─── DATA FOR THE TASK
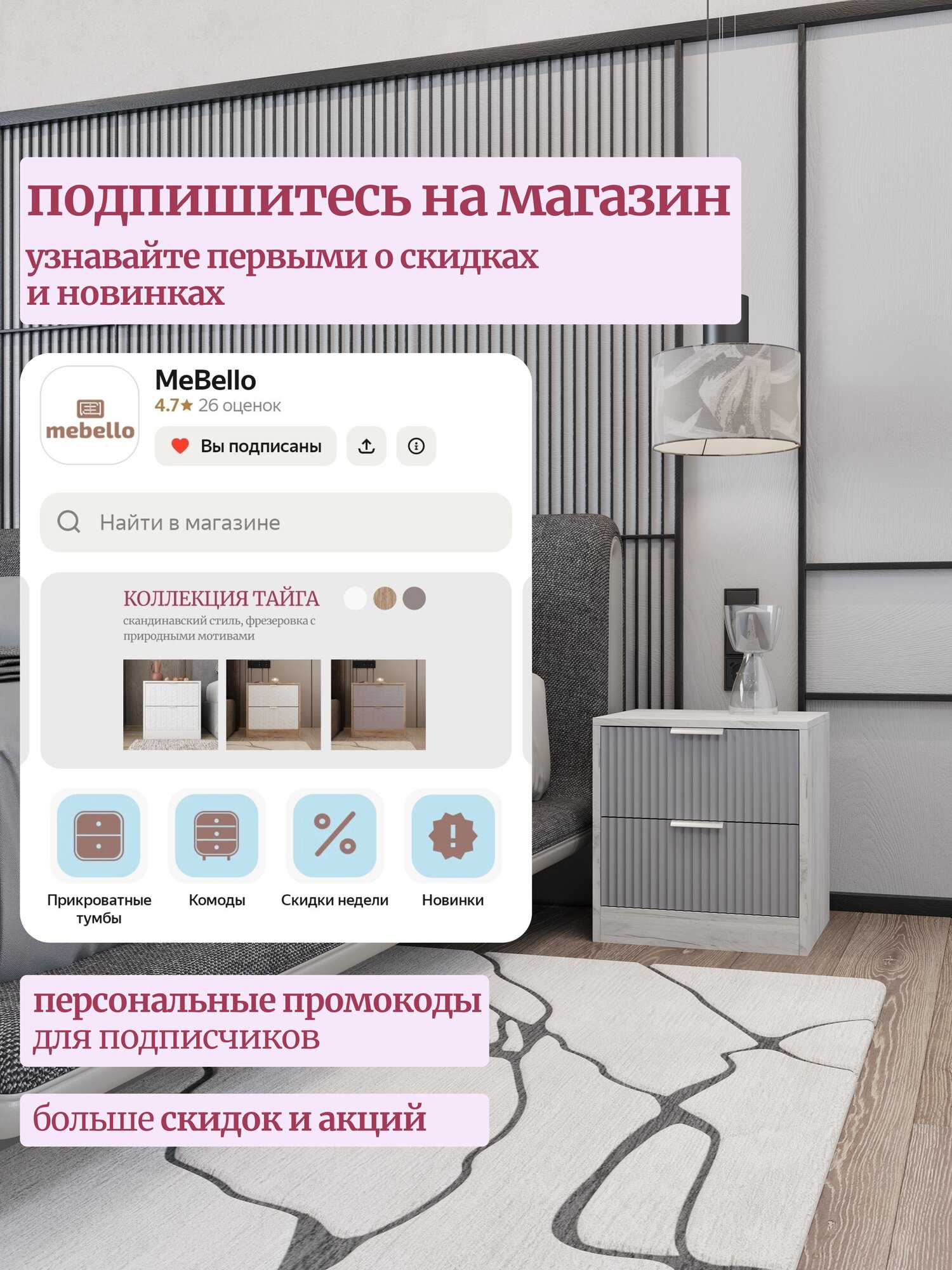 Прикроватная тумба KOMODO ВОЛНА-2, с фрезеровкой, белая/серая 43.6х40х45.7
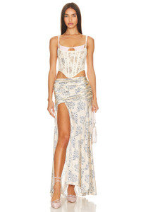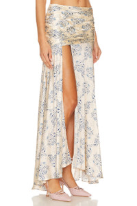 - 100% silk - Made in China - Dry clean only - Unlined - Hidden side zipper closure - Pleated waist - Charmeuse fabric with side slit - Waist to shortest hem measures approx 9.5" and to longest hem approx 44.5" in length - Revolve Style No. KIMR-WQ20 - Manufacturer Style No. KS2023FW46
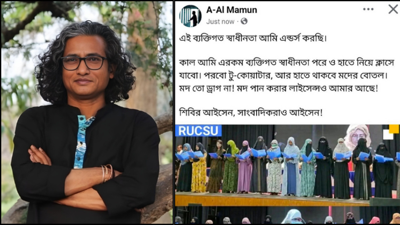 অধ্যাপক মামুন তার ফেসবুকে রাকসু হল সংসদের নারীদের শপথ গ্রহণের ছবি দিয়ে লেখেন ‘এই ব্যক্তিগত স্বাধীনতা আমি এন্ডর্স করছি। কাল আমি এরকম ব্যক্তিগত স্বাধীনতা পরে ও হাতে নিয়ে ক্লাসে যাবো। পরবো টু-কোয়াটার, আর হাতে থাকবে মদের বোতল। মদ তো ড্রাগ না! মদ পান করার লাইসেন্সও আমার আছে! শিবির আইসেন, সাংবাদিকরাও আইসেন!’
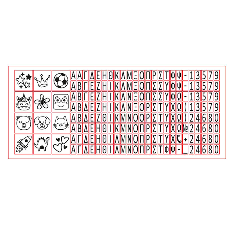 Σφραγίδα εξατομίκευσης προσωπικών αντικειμένων με ελληνικό αλφάβητο!Σταμπάρετε τα ονόματα των παιδιών σας πάνω σε απορροφητικές ή μη απορροφητικές επιφάνειες όπως ρούχα παπούτσια, σχολικά, αθλητικό εξοπλισμό, μπουκάλια, τάπερ και άλλα.
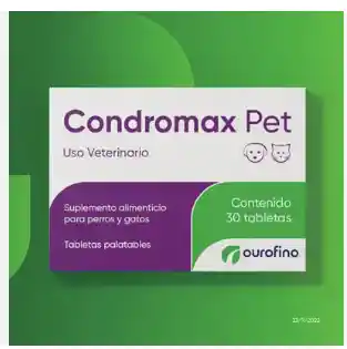 Condromax® Pet es un complemento alimenticio para perros y gatos destinado a la suplementación de los mucopolisacáridos sulfato de condroitina y glucosamina, así como de los minerales cobre, manganeso y zinc. La suplementación con Condromax® Pet es recomendada en todos los momentos en que haya necesidad de aporte de los componentes de su formulación, como en animales sometidos a ejercicios constantes, animales en crecimiento o en condiciones especiales.
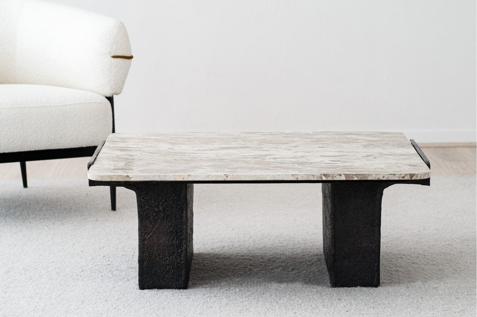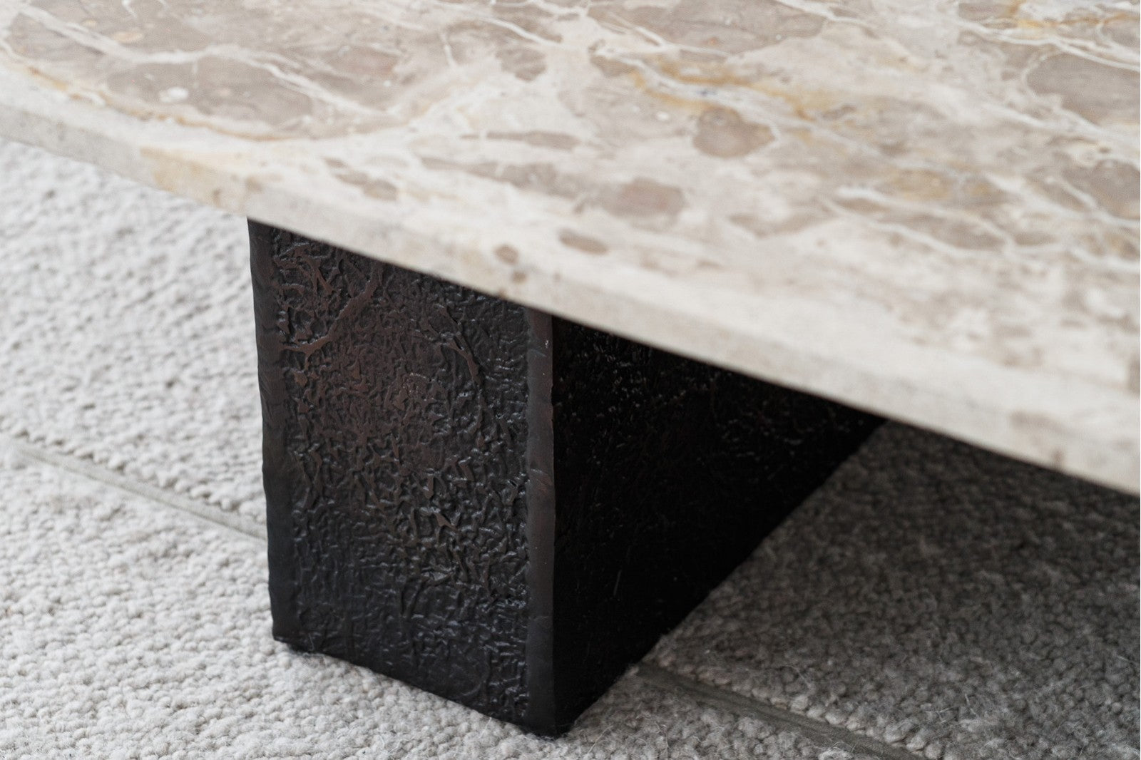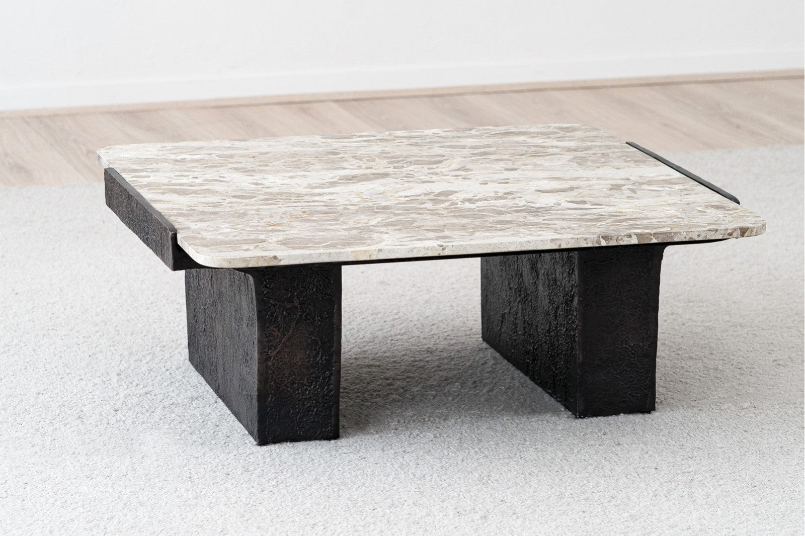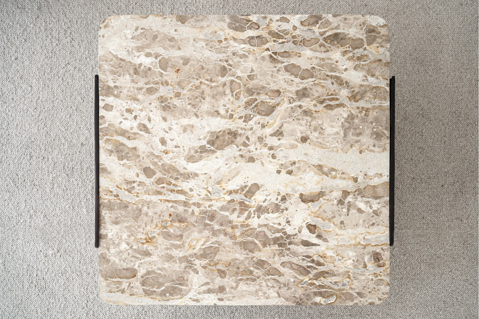 Square coffee table with black metal legs and top made of black synthetic stone with ochre-coloured veins.
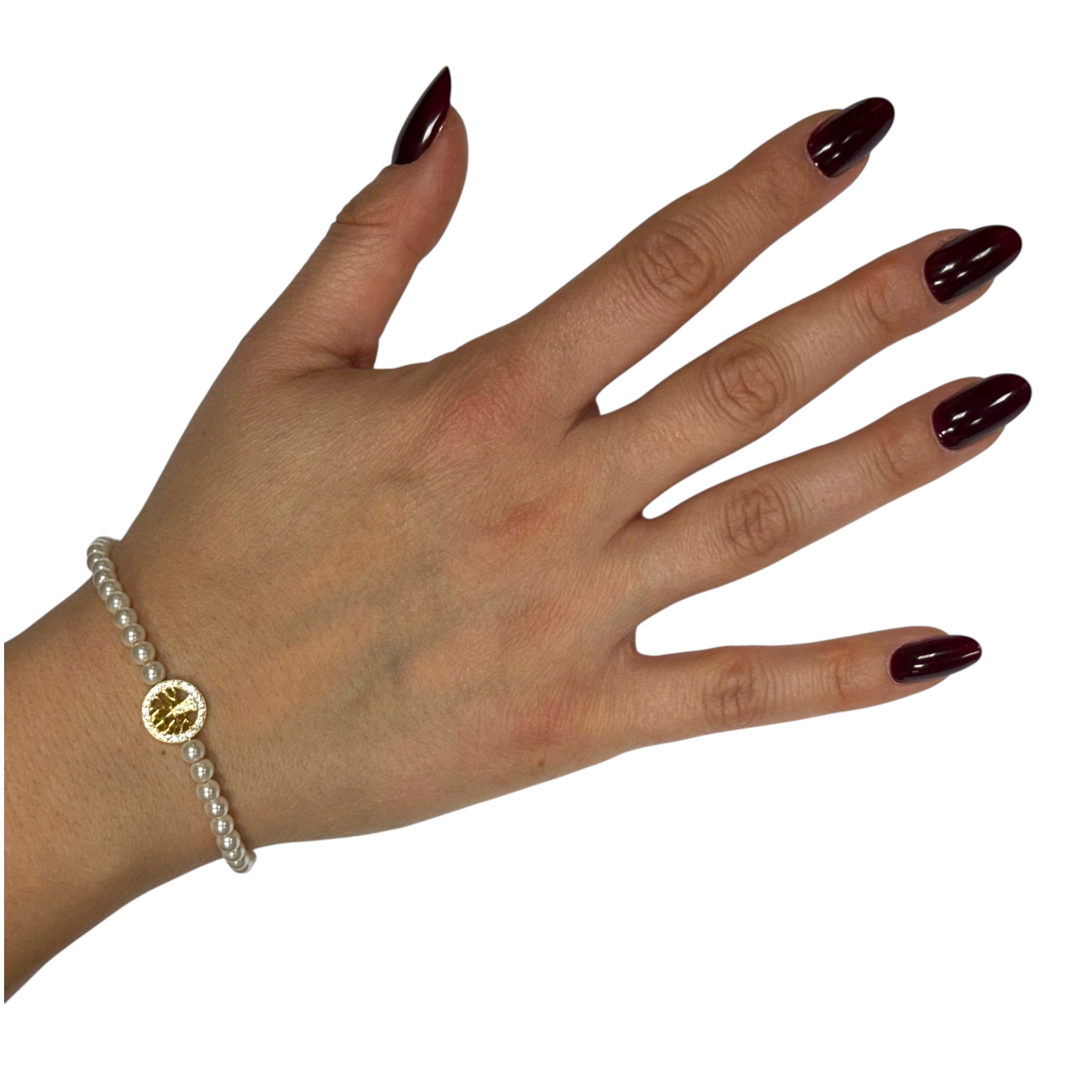 Bracciale da donna in argento 925 con perle e albero della vita centrale zirconato. Chiusura a moschettone regolabile. Lunghezza 17 cm + 3 cm di allungo
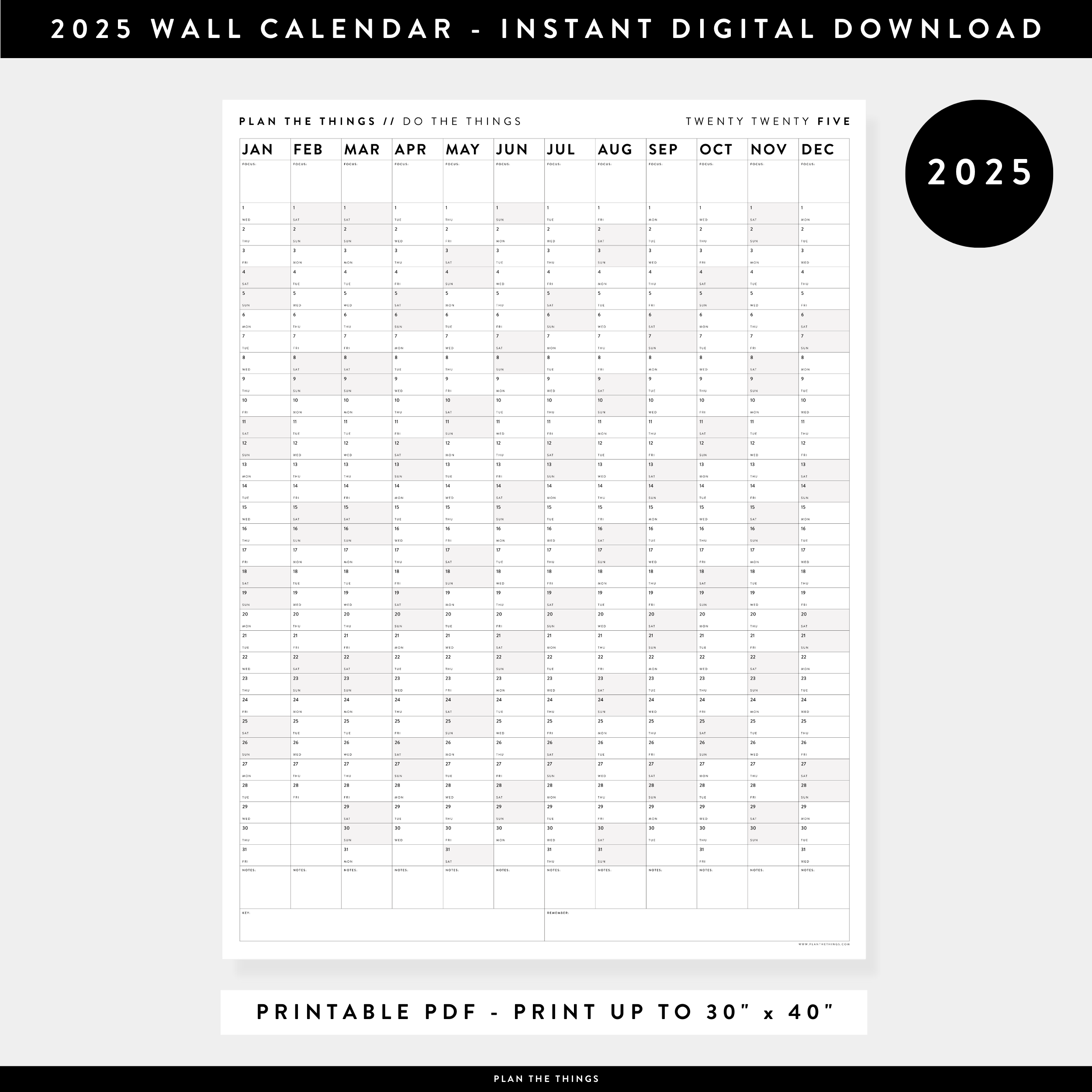 Source : www.planthethings.com2025 Classic Wall Calendar Printable Yearly Planner Black & White
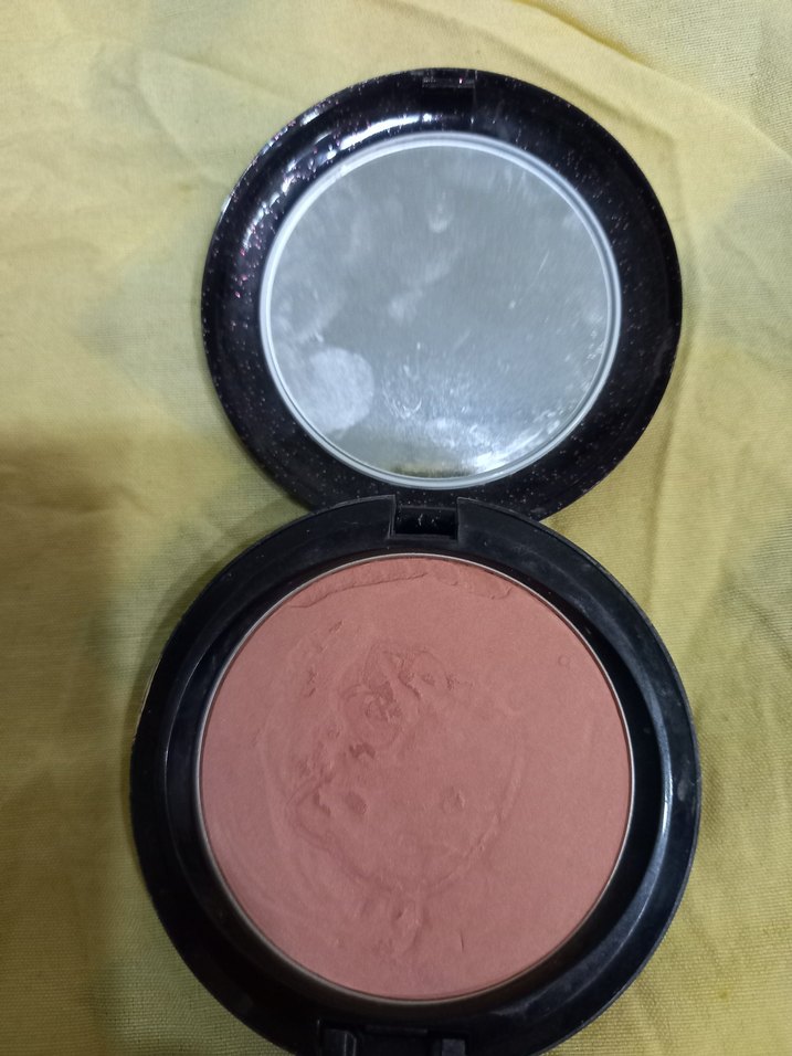 Koyu bej renkte, kompakt kutuda ayna içeren yumuşak dokulu allık.
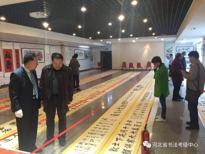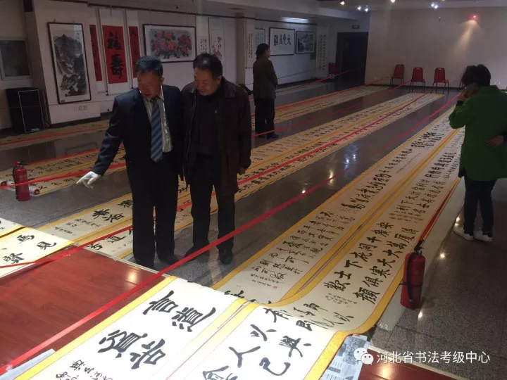 10月12日,在举国上下喜迎党的十九大召开之际,由河北省109名党员书法家挥毫写出的一套《习近平治国理政用典书法卷》,在河北省城石家庄闪亮呈现。这是河北省广大书法爱好者以满腔的热情,用书法艺术的形式颂扬伟大的党、强大的国和歌颂以习近平同志为核心的党中央丰功伟绩的具体表现,也是向党的十九大献出的一份厚重的礼物。 据悉,这套《习近平治国理政用典书法卷》的创作过程中,得到了中共河北省委宣传部、石家庄市委宣传部领导的亲切关怀和省、市书协领导多层面的技术指导,在河北省书法考级中心和石家庄书法培训基地联袂倡导下,组织了省会的中书协会员、中国书法家协会书法等级考试高级证书获得者、省市书协会会员109名书法家,采撷了自党的十八大以来习近平治国理政系列重要讲话中所引用的109条经典名句,以浓墨重彩的形式创作了109幅优质作品,挥就了长达190米《习近平治国理政用典百米书法卷》。 参加这次创作的书法家中,有德高望重的书法名家蔡子諤、李国华、李九元、黄宪律、张保田、马常民等老党员,也有新入党的年轻同志,对党对人民有着深厚的感情,对习近平总书记有着崇高的敬仰之情。书法家经过紧张书写、编辑、装裱,于10月12日将这部《习近平治国理政用典百米书法卷》完美的展现在世人面前。 书写这部《习近平治国理政用典百米书法卷》充分表达了河北省广大书法家对习近平同志治国理政的新思想、新思维和取得丰功伟绩热情歌颂;抒发了燕赵儿女对以习近平同志为核心的党中央的爱戴之情;更是向党的十九大奉献的一份厚重之礼。 此长卷近日将在河北省博物院隆重展出 。
──────
## AIM OF THE EXERCISE
Extract the part of the records that opens with the line containing "Bracciale da donna" and closes with the line containing "Koyu bej renkte, kompakt". Take only those lines, exactly, and no pictures.

## RESULT
 Bracciale da donna in argento 925 con perle e albero della vita centrale zirconato. Chiusura a moschettone regolabile. Lunghezza 17 cm + 3 cm di allungo
 Source : www.planthethings.com2025 Classic Wall Calendar Printable Yearly Planner Black & White
 Koyu bej renkte, kompakt kutuda ayna içeren yumuşak dokulu allık.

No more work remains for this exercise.